Так. Мы вышли из дома Бахрама молча. Последние его слова не очень-то понравились мне. От них отдавало какой-то жесткой дисциплиной, чуть ли не военной, а в легионеры я идти не собирался. Другое дело Лонгин, – я искоса посмотрел на него, – ему может и по душе такая дисциплина, хотя подчиняться иудейским рыбакам, или хотя бы и великим Апостолам, как назвал их Бахрам, он все равно не будет, – подумал я тогда. Странно все таки: как только я оказывался в поле свидетелей Иешуа, я безоговорочно, с открытым ртом слушал и подчинялся. Почти также и Лонгин, который, правда, шесть часов стоял рядом с Распятым. Ладно, подумал я, разберемся. Главное, что приключений интереснее этого в жизни у меня не было, и присниться не могло. Так молча, думая каждый о своем, дошли мы с Лонгином до нашего дома, где расстались до следующей встречи.

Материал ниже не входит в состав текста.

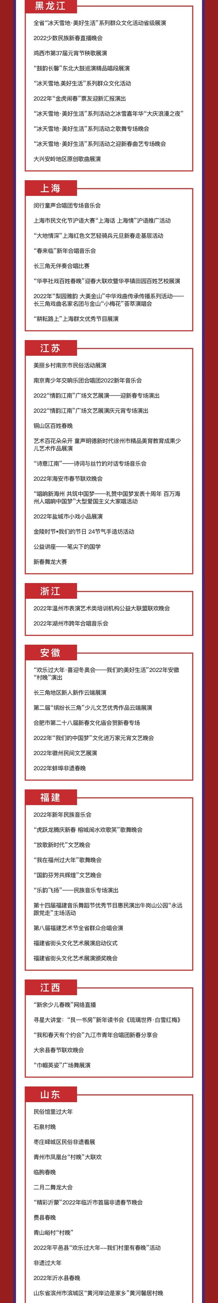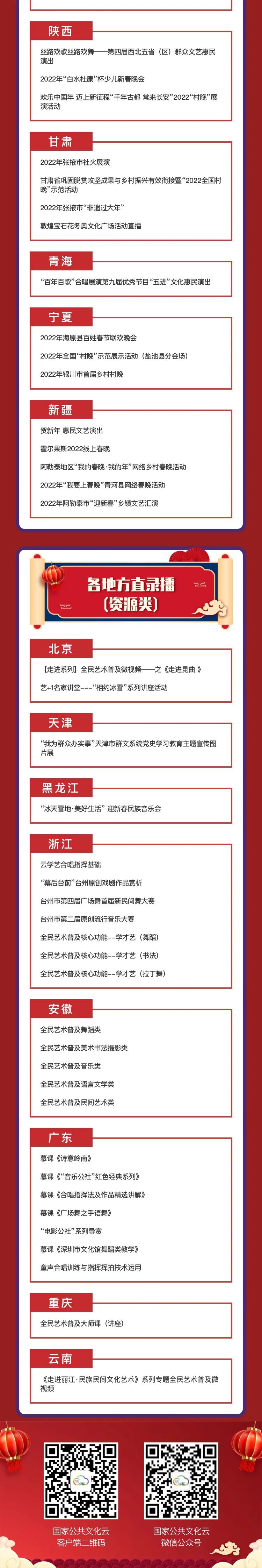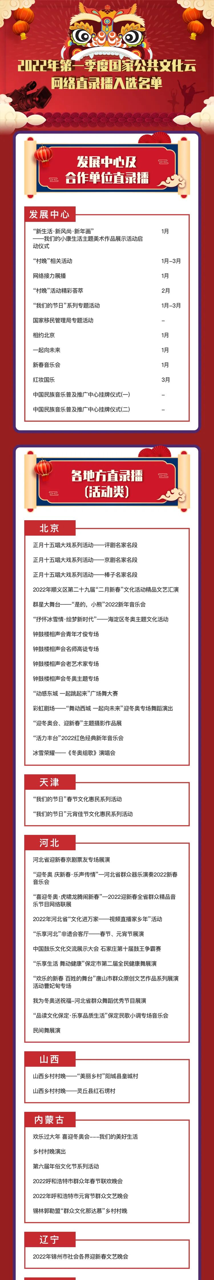 为贯彻落实《“十四五”公共文化服务体系建设规划》,推动国家公共文化云网络直录播高质量发展,深化供给侧结构性改革,提升人民群众文化获得感、幸福感,文化和旅游部全国公共文化发展中心(以下简称“发展中心”)组织开展了2022年第一季度国家公共文化云网络直录播遴选工作,经过各地报送和审核遴选,共有222个直录播纳入第一季度国家公共文化云播出计划,现予公布。

Честно говоря, на подходе к дому мои мысли уже переменились, и я хотел пораспрашивать Лонгина о женщинах, и попросить свести меня с какой-нибудь шлюхой помоложе, – мое мужское начало мучало меня уже не только вечером и по утрам, но и днем, забивая всякие другие мысли и заставляя мысленно раздевать и дико насиловать всех встречных женщин, от 15 до 50 лет. Поэтому, наверное, я сразу поверил Бахраму о непорочном зачатии Мариам, и поэтому же хотел попросить Лонгина свести меня с какой-нибудь девицей, женщиной, или шлюхой, – мне было все равно, лишь бы было. Но, взглянув ещё раз искоса на Лонгина, я решил отложить это дело на день-другой. Столько ждал, ещё потерплю. А может и сам застану наконец соседскую Лигию, дочь Марка Крысобоя, одну… Вот уж мало ей не покажется!

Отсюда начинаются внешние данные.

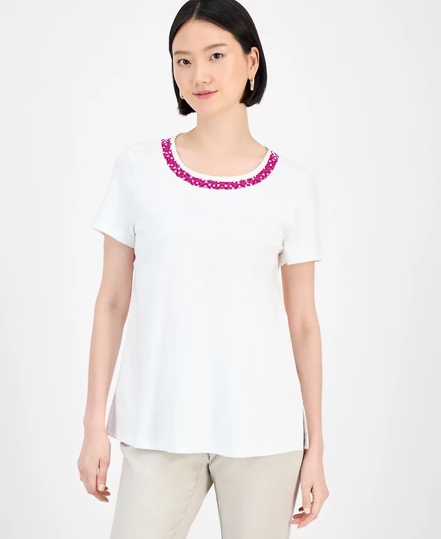 Jm Collection Women's 3/4-Sleeve Scoop Neck Top

Через день мы пошли к скифу Мосоху, бывшему рабу Иосифа Арифамейского, которого этот ученый богач отпустил не так давно на вольные хлеба. Слугам Иосифа жилось хорошо и у него дома, и не каждый согласился бы уйти на волю в Иерусалиме, но скиф ушёл. Бахрам познакомился с ним ещё в доме Иосифа, и почему-то пригласил меня и Лонгина к нему домой. О скифах мы почти ничего не знали, их почти не было в Иерусалиме.

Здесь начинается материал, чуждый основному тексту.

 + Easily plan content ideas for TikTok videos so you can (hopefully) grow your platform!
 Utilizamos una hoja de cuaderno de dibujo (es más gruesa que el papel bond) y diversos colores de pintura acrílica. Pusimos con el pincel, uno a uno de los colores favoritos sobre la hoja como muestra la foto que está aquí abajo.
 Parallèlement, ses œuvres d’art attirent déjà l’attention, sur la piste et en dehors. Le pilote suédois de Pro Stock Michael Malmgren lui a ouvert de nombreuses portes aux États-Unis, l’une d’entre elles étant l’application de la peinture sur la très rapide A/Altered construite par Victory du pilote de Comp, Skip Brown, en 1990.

По дороге Бахрам рассказал, что когда-то, давным-давно, когда ещё и иудеев тут не было, где-то в этих землях была целая колония южных скифов. Тогда они ещё и не назывались скифами, а считали себя внуками Яфета-Ария, который был сыном Ноя и братом Сима, того самого, от которого пошли праотцы иудеев и многих других народов. От Яфета, по преданию, пошли эллины, латины, и мы, галлы, и вот, оказывается ещё и скифы. Потом, но ещё задолго до переселения сюда иудеев, южные скифы смешались здесь с местными племенами, и где и кто теперь их потомки, сказать было врядли возможно. Но Мосох был северным скифом, захваченным в плен в какой-то стычке с южными соседями (для нас и южные их соседи были северными) и проданный затем в рабство в Иудею. В доме Иосифа Мосох не раз видел и слышал Иисуса, и познакомился со многими Его учениками и с Бахрамом.

Мосох оказался русоволосым гигантом лет тридцати пяти, с кудрявой бородой и тонкими чертами лица, с зелеными глазами. Он плохо говорил по арамейски, но хорошо на койне. Жил он с молодой эллинской вдовицей, совсем молодой и очень веселой, под стать Мосоху. Она во время нашего разговора то и дело появлялась в комнате, и дух женской плоти и ее молодой запах каким-то диким резонансом неслышно звучал в разговоре, и раскачивал его как лодку на широкой реке. Если ей удавалось вставить слово, то казалось, что лодка перевернется.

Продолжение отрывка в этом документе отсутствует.